Vanilla quicksort is, as ever, a good example. It's T( n^2 ) in the worst case (it will actually take at least n^2 steps, but not significantly more), but T(n.log n) in the average case, which is to say the expected number of steps is proportional to n.log n. In the best case it is also T(n.log n) - but you could improve that for, by example, checking if the array was already sorted in which case the best case running time would be T( n ).
How does this relate to your question about the practical realisations of these bounds? Well, unfortunately, O( ) notation hides constants which real-world implementations have to deal with. So although we can say that, for example, for a T(n^2) operation we have to visit every possible pair of elements, we don't know how many times we have to visit them (except that it's not a function of n). So we could have to visit every pair 10 times, or 10^10 times, and the T(n^2) statement makes no distinction. Lower order functions are also hidden - we could have to visit every pair of elements once, and every individual element 100 times, because n^2 + 100n = T(n^2). The idea behind O( ) notation is that for large enough n, this doesn't matter at all because n^2 gets so much larger than 100n that we don't even notice the impact of 100n on the running time. However, we often deal with 'sufficiently small' n such that constant factors and so on make a real, significant difference.
For example, quicksort (average cost T(n.log n)) and heapsort (average cost T(n.log n)) are both sorting algorithms with the same average cost - yet quicksort is typically much faster than heapsort. This is because heapsort does a few more comparisons per element than quicksort.
This is not to say that O( ) notation is useless, just imprecise. It's quite a blunt tool to wield for small n.
(As a final note to this treatise, remember that O( ) notation just describes the growth of any function - it doesn't necessarily have to be time, it could be memory, messages exchanged in a distributed system or number of CPUs required for a parallel algorithm.)

The way I describe it to my nontechnical friends is like this:
Consider multi-digit addition. Good old-fashioned, pencil-and-paper addition. The kind you learned when you were 7-8 years old. Given two three-or-four-digit numbers, you can find out what they add up to fairly easily.
If I gave you two 100-digit numbers, and asked you what they add up to, figuring it out would be pretty straightforward, even if you had to use pencil-and-paper. A bright kid could do such an addition in just a few minutes. This would only require about 100 operations.
Now, consider multi-digit multiplication. You probably learned that at around 8 or 9 years old. You (hopefully) did lots of repetitive drills to learn the mechanics behind it.
Now, imagine I gave you those same two 100-digit numbers and told you to multiply them together. This would be a much, much harder task, something that would take you hours to do - and that you'd be unlikely to do without mistakes. The reason for this is that (this version of) multiplication is O(n^2); each digit in the bottom number has to be multiplied by each digit in the top number, leaving a total of about n^2 operations. In the case of the 100-digit numbers, that's 10,000 multiplications.

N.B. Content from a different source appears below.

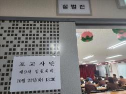 - [포교사단] 불기2569(2025)년 10월 21일 13:30부터 대한불교조계종 포교사단 제9차 임원회의가 본단 강의실에서 개최됐다. 김영석(범일) 포교사단장을 의장으로 모시고 포교사단 임원과 전국 13개 지역단 단장이 참석하여 재적인원 20명중 16명의 참석인원으로, 사회를 맡은 강의수(희재) 포교사단 수석부단장의 성원보고와 의장의 개회선언으로 회의를 시작했다. 예식 전, 14대 포교사단장으로 선출된 강의수 현 수석부단장, 부산지역단장으로 선출된 박종안 현 사단 부단장 그리고 13대에서 14대로 연임된 경남지역단 이원환 단장, 제주지역단 강윤호 단장을 축하하는 케이크 컷팅식을 진행했으며 참석임원 전체 기념사진을 촬영한 후 삼귀의, 반야심경을 봉독하고 대념처경 서문을 독송 한 후 본격적인 회의에 들어갔다. 회의는 전 회의결과 및 활동보고에 이어 심의안건과 토의안건을 상정하여 의견을 수렴 했으며 공지사항과 사홍서원으로 회의를 마쳤다. 심의안건으로 2025년 포교사단 예산안 추경 건을 의결하였으며, 토의 안건으로 사단법인 설립의 건을 상정하여 토론하였고, 공지사항으로는 각 지역단 전진대회 시행건 및 포상자 추천건, 군법당 개보수 보조금 지원안내, 불교문화해설 포교활동 우수사례 공모전 안내등을 했다.

No, an O(n) algorithm does not mean it will perform an operation on each element. Big-O notation gives you a way to talk about the "speed" of you algorithm independent of your actual machine.
O(n) means that the time your algorithm will take grows linearly as your input increase. O(n^2) means that the time your algorithm takes grows as the square of your input. And so forth.

The way I think about it, is you have the task of cleaning up a problem caused by some evil villain V who picks N, and you have to estimate out how much longer it's going to take to finish your problem when he increases N.
O(1) -> increasing N really doesn't make any difference at all
O(log(N)) -> every time V doubles N, you have to spend an extra amount of time T to complete the task. V doubles N again, and you spend the same amount.
O(N) -> every time V doubles N, you spend twice as much time.
O(N^2) -> every time V doubles N, you spend 4x as much time. (it's not fair!!!)
O(N log(N)) -> every time V doubles N, you spend twice as much time plus a little more.
These are bounds of an algorithm; computer scientists want to describe how long it is going to take for large values of N. (which gets important when you are factoring numbers that are used in cryptography -- if the computers speed up by a factor of 10, how many more bits do you have to use to ensure it will still take them 100 years to break your encryption and not just 1 year?)
Some of the bounds can have weird expressions if it makes a difference to the people involved. I've seen stuff like O(N log(N) log(log(N))) somewhere in Knuth's Art of Computer Programming for some algorithms. (can't remember which one off the top of my head)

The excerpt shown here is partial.